In The Metro Never To Return

7yBXvp82X2gVlMeZe25DiM-2006198051115673.gif

Our homestay in Moscow is in the “burbs.” Tanya works for a French men’s underwear company and later admits that her son is the wholesaler and she works for him under the table. When Bob says he wants her to bring home a red French thirty dollar thong for him, she giggles but doesn’t believe him.

She is lively and we love to make her laugh by telling her how good a cook she is…fried potatoes, boiled eggs, sauted chicken, toast and cucumber and tomato salad for breakfast! She says she taught herself English three years ago using a book and audio tapes. Her apartment is brand new IKEA and spotless…when she tells us her mother was German I said to Bob “I knew it!” We sleep in her comfortable living room on a couch made out into a bed…Liam, a 24 year old, from Vancouver B.C., traveling a similar route as we are sleeps in her bedroom and Tanya sleeps on a mat on the floor in the tiny kitchen–her guests supplant or probably exceed her income.
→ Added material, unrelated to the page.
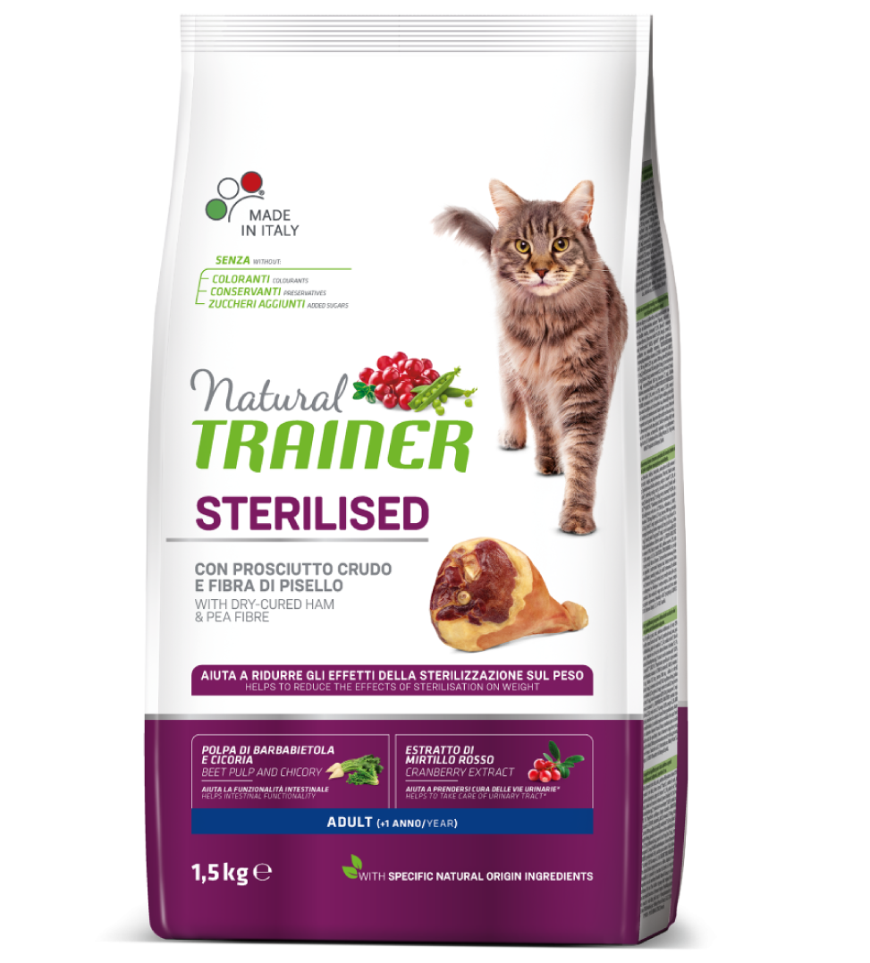 La linea di Trainer per gatti sterilizzati ha molti benefici: grazia alla formula per gatti sterilizzati, che include fibre vegetali, come la fibra di pisello, e un livello moderato di grassi, aiuta a ridurre il contenuto energetico del cibo; aiuta la funzionalità intestinale grazie ai prebiotici di origine naturale provenienti dall'estratto di radice di cicoria e dalla polpa di barbabietola; gli estratti di mirtillo rosso e di radice di cicoria di origine naturale e i livelli controllati di minerali aiutano a mantenere nel tempo il corretto funzionamento delle vie urinarie; l'estratto secco di mela e una speciale forma di vitamina C aiutano a prevenire la formazione di tartaro e a controllare l'alito cattivo.

Our first foray into downtown Moscow is quite an adventure…we can’t read the Cyrillic words on the walls of the underground so we look closely at the first three letters…and even then ended up nowhere near where we wanted to go…so reasoning that if we just get back on the train going the way we came from we could start out again where we started out before. But of course there was no way this was going to work in Moscow. What started out to be a 30 minute trip ended up being 2 hours. All we could think of the whole time in the underground was the old MTA song by the Kingston Trio:

Well, let me tell you of the story of a man named [Bobby}
On a tragic and fateful day.
He put ten roubles in his pocket, took his family,
Went to ride on the M. T. A.

Well, did he ever return?
No, he never returned and his fate is still unknown.
(What a pity! Poor ole [Bobby.} Shame and scandal. He may ride forever. Just like Lenin and Trotsky.
He may ride forever ‘neath the streets of Moscow.